Top 10 Stories 2016: Public sways council on 15th Street project
Published 8:05 pm Monday, December 26, 2016
In the summer of 2016, few people, other than Washington officials and N.C. Department of Transportation personnel knew details about the proposed 15th Street improvement project. From summer to early December, more and more people became aware of those details, with many of those people opposed to the project as proposed by DOT.
Those people began showing up at City Council meetings and Planning Board meetings. As the months passed, their numbers grew, as did their opposition to the $16 million project. A standing-room-only crowd at a Dec. 8 meeting about the proposed project resulted in not one speaker voicing support for the project. Some people wanted it modified, but others wanted the project to be scrapped altogether.
At its Dec. 12 meeting, the City Council unanimously rejected the 15th Street project as currently proposed by DOT. The council’s decision was met by applause by some audience members.
“We sat here last Thursday night and heard some 25 people address this council saying, ‘We’re opposed to this project.’ I have had any number of phone calls and personal contacts over the last two or three weeks about this project, and I have not had a single positive remark. … Based on the comments we heard, I’d like to make a motion that this council go on record as opposing the project in its present form and instruct the manager to convey that opposition to DOT,” Councilman Doug Mercer said at the Dec. 12 meeting.
City Manager Bobby Roberson said the decision to reject the project could have unintended consequences for the city. “From my perspective, I’m going to draft a letter and send it directly to NDCOT and tell them we’re not interested in improvements on 15th Street. …Trust me, they’re not going to move up — I understand the public comment — when I send that letter, they will move on to another project.
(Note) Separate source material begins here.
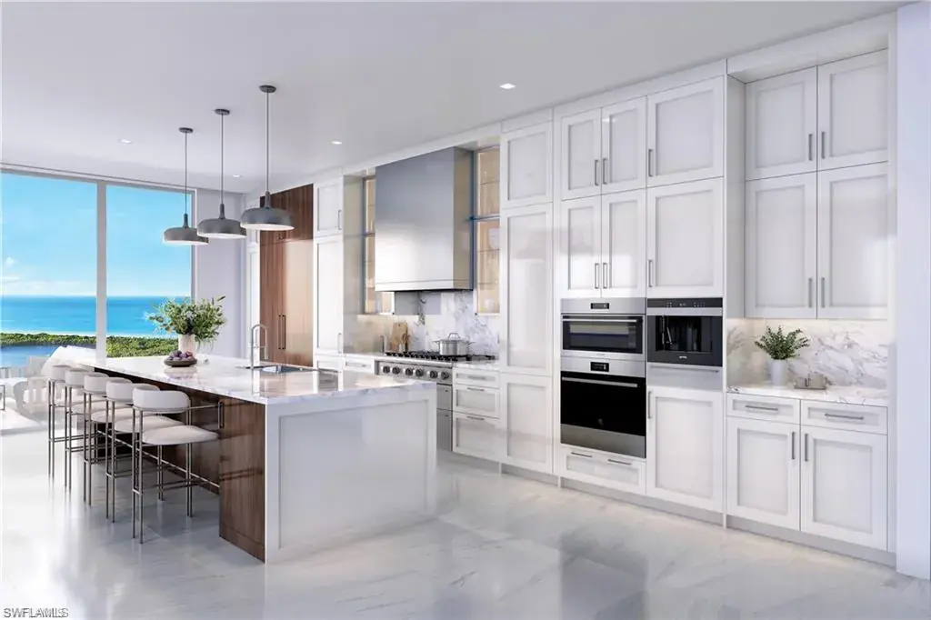 NEW CONSTRUCTION – Epique, a boutique tower, is 19 stories offering 68 spacious residences and is being created for those who appreciate luxurious residences with exquisite design and technological innovations. This estate 5 bedroom (one room also perfect for an office) residence offers 5200 sq. ft and boasts 10ft. ceilings with floor-to-ceiling glass windows creating breathtaking views. Located in prestige Pelican Bay, Epique is the final iconic tower to be completed. Epique, quite simply, is like no other high rise in Naples, it represents the very definition of relaxed luxury. Ideally located near the beach tram station, for quick shuttle to the beach club or enjoy a beautiful nature walk in just minutes. The gourmet kitchen includes wolf cook tops w/natural gas and subzero appliances. Epique, a state-of-the-art building, offers concierge services, 24-hr staff, a private Dining Club and outdoor lounge area. The latest fitness equipment and peloton bikes, steam, sauna, and cold plunge bath. Handsomely appointed gaming lounge, theater room, conference room and more. Enjoy state of the art amenities within the community of Pelican Bay; 2-private beach clubs with dining, chairs, and umbrellas, 2- tennis centers, Fitness, Pickleball (being built), wellness center and more…. Enjoy shopping, dining all within minutes of Epique. All photos are renderings of Epique.

They will not be negotiating back and forth once I send that letter,” Roberson said. “I just want to be sure that’s exactly what the council wants. I’ll do what the council directs me to do, but I just want to be sure that’s what you folks want.”
Bill Kincannon, DOT’s resident engineer for its Division 2, weighed in on the council’s Dec. 12 vote.
“Well, the way these projects work is that we’re basically following the guidance we were given with the Beaufort County transportation plan, which all of the council met and approved previously,” he said. “We pretty much gave them precisely what they asked for. To change the project from that, from what was voted on by them, by the city and the county, for the RPO, we pretty much have to put together a different project.
Kincannon continued: “Once the town says they don’t want the project, (what they have to do) is to tell the RPO in a formal letter, telling them they don’t want to do the project, and we pull everything back. If they want any other project, they’ll basically have to start all over again. If they absolutely say they don’t want any part of the project, the project is going to come off the table.”
Kincannon said Roberson is “essentially correct” in his assessment that DOT will move on to another project now that the city rejected the 15th Street project.
In August, the North Carolina Department of Transportation conducted an informational meeting about the project, which called for converting the existing multi-lane road into a four-lane, raised-median divided road. The project was designed to improve overall traffic flow and traffic safety. The project also included median breaks for left turns as traffic volumes warrant. U-turn locations will be provided at several locations.
Some residents and business owners along the project corridor opposed raised medians and other elements of the proposed project. Despite DOT modifications to the project, those residents and business owners remained unhappy with the project.
DOT spokesmen have said the project’s goal was to reduce the number of vehicles crashes on 15th Street. Crashes on the western section of the project corridor occur about three times more frequently than crashes on similar roads in other areas of the state, according to DOT figures.